Search the entries below for "with". Report each line where it occurs.

Available data
Start of Block

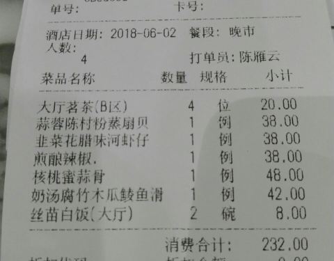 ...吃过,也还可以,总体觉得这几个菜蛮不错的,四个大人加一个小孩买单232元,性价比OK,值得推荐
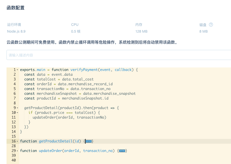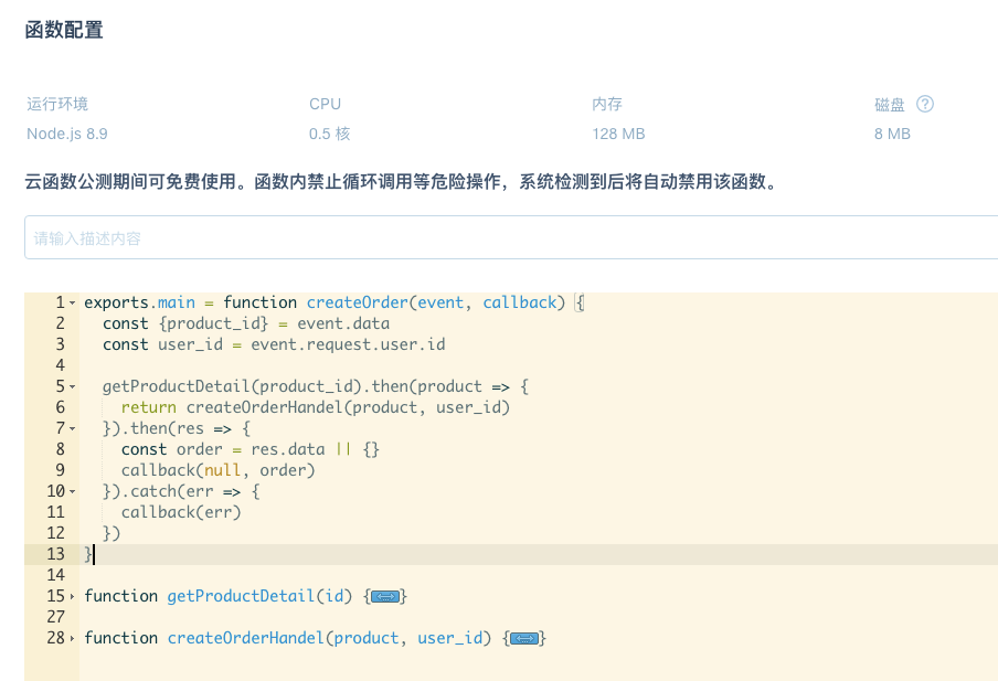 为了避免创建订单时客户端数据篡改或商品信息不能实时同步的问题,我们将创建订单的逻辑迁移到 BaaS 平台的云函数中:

End of Block
Start of Block

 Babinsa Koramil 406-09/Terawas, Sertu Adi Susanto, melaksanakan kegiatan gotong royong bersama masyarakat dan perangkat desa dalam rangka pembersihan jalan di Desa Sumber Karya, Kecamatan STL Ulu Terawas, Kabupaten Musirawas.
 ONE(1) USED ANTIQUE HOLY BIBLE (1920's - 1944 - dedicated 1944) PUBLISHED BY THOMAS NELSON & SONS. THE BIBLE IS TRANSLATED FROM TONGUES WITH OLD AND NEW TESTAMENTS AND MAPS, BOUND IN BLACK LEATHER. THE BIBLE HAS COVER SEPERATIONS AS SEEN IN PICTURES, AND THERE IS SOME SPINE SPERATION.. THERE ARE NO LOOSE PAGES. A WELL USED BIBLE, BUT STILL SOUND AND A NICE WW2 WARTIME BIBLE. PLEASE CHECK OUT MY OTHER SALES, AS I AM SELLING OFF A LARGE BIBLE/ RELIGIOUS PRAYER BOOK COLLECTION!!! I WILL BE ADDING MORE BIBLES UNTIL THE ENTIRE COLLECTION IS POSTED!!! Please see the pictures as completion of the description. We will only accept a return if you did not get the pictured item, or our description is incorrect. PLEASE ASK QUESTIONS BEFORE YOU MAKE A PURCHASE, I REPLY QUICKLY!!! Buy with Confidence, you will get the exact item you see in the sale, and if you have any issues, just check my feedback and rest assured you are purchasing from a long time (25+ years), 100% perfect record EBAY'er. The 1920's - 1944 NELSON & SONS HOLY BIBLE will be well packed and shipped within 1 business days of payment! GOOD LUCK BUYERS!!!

End of Block
Start of Block

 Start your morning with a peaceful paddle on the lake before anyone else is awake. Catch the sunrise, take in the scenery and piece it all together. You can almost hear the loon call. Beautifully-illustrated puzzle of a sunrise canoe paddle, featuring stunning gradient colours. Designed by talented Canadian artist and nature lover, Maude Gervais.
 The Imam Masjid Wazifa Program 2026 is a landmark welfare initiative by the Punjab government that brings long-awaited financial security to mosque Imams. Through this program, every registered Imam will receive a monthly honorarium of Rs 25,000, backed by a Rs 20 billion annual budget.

End of Block

Result below
 ONE(1) USED ANTIQUE HOLY BIBLE (1920's - 1944 - dedicated 1944) PUBLISHED BY THOMAS NELSON & SONS. THE BIBLE IS TRANSLATED FROM TONGUES WITH OLD AND NEW TESTAMENTS AND MAPS, BOUND IN BLACK LEATHER. THE BIBLE HAS COVER SEPERATIONS AS SEEN IN PICTURES, AND THERE IS SOME SPINE SPERATION.. THERE ARE NO LOOSE PAGES. A WELL USED BIBLE, BUT STILL SOUND AND A NICE WW2 WARTIME BIBLE. PLEASE CHECK OUT MY OTHER SALES, AS I AM SELLING OFF A LARGE BIBLE/ RELIGIOUS PRAYER BOOK COLLECTION!!! I WILL BE ADDING MORE BIBLES UNTIL THE ENTIRE COLLECTION IS POSTED!!! Please see the pictures as completion of the description. We will only accept a return if you did not get the pictured item, or our description is incorrect. PLEASE ASK QUESTIONS BEFORE YOU MAKE A PURCHASE, I REPLY QUICKLY!!! Buy with Confidence, you will get the exact item you see in the sale, and if you have any issues, just check my feedback and rest assured you are purchasing from a long time (25+ years), 100% perfect record EBAY'er. The 1920's - 1944 NELSON & SONS HOLY BIBLE will be well packed and shipped within 1 business days of payment! GOOD LUCK BUYERS!!!
 Start your morning with a peaceful paddle on the lake before anyone else is awake. Catch the sunrise, take in the scenery and piece it all together. You can almost hear the loon call. Beautifully-illustrated puzzle of a sunrise canoe paddle, featuring stunning gradient colours. Designed by talented Canadian artist and nature lover, Maude Gervais.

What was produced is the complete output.